# Data

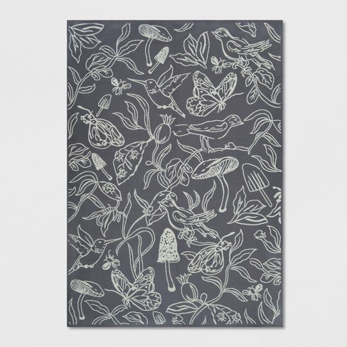 7 X 10 Birds Butterflies Outdoor Rug Charcoal Opalhouse
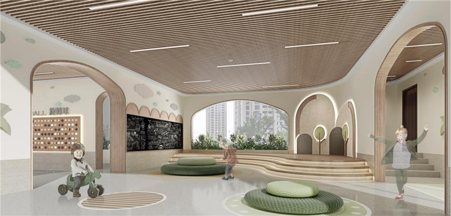 在以“回歸產(chǎn)品邏輯”為設(shè)計(jì)哲學(xué)的生活引導(dǎo)者柘壹設(shè)計(jì)眼中,普適性的場(chǎng)景功能已不能喚起消費(fèi)者對(duì)現(xiàn)代人居的憧憬感,而人們對(duì)活動(dòng)、社交、休憩、會(huì)談種種多元生活需求的注入,讓架空層設(shè)計(jì)進(jìn)入研究迭代的過程。在淮安中?!ぞ砰屑芸諏又?,柘壹設(shè)計(jì)以多重調(diào)研升級(jí)對(duì)產(chǎn)品內(nèi)容的營造,塑造親子互動(dòng)、康體設(shè)施、社交空間、老幼活動(dòng)四大場(chǎng)景體驗(yàn),將空間營造呈以豐富的互動(dòng)、合理的功能,直觸社區(qū)聚場(chǎng)的本質(zhì),建構(gòu)全生命周期體驗(yàn)中的社區(qū)交互場(chǎng)域。
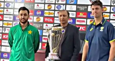 دونوں ٹیموں کے کپتانوں پاکستان کے سلمان علی آغا اور آسٹریلیا کے مچل مارش نے سیریز کی ٹرافی کی رونمائی کی
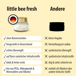 - Bienengift (Melittin), unser Highlight-Wirkstoff: laut Studien fördert es die Kollagenproduktion, unterstützt die Hautfestigkeit und kann die Haut sichtbar glatter erscheinen lassen. Feine Linien und Fältchen wirken optisch gemildert.

# Your goal
Reproduce the data verbatim. Do not carry any picture into the copy.

# Task output
 7 X 10 Birds Butterflies Outdoor Rug Charcoal Opalhouse
 在以“回歸產(chǎn)品邏輯”為設(shè)計(jì)哲學(xué)的生活引導(dǎo)者柘壹設(shè)計(jì)眼中,普適性的場(chǎng)景功能已不能喚起消費(fèi)者對(duì)現(xiàn)代人居的憧憬感,而人們對(duì)活動(dòng)、社交、休憩、會(huì)談種種多元生活需求的注入,讓架空層設(shè)計(jì)進(jìn)入研究迭代的過程。在淮安中?!ぞ砰屑芸諏又?,柘壹設(shè)計(jì)以多重調(diào)研升級(jí)對(duì)產(chǎn)品內(nèi)容的營造,塑造親子互動(dòng)、康體設(shè)施、社交空間、老幼活動(dòng)四大場(chǎng)景體驗(yàn),將空間營造呈以豐富的互動(dòng)、合理的功能,直觸社區(qū)聚場(chǎng)的本質(zhì),建構(gòu)全生命周期體驗(yàn)中的社區(qū)交互場(chǎng)域。
 دونوں ٹیموں کے کپتانوں پاکستان کے سلمان علی آغا اور آسٹریلیا کے مچل مارش نے سیریز کی ٹرافی کی رونمائی کی
 - Bienengift (Melittin), unser Highlight-Wirkstoff: laut Studien fördert es die Kollagenproduktion, unterstützt die Hautfestigkeit und kann die Haut sichtbar glatter erscheinen lassen. Feine Linien und Fältchen wirken optisch gemildert.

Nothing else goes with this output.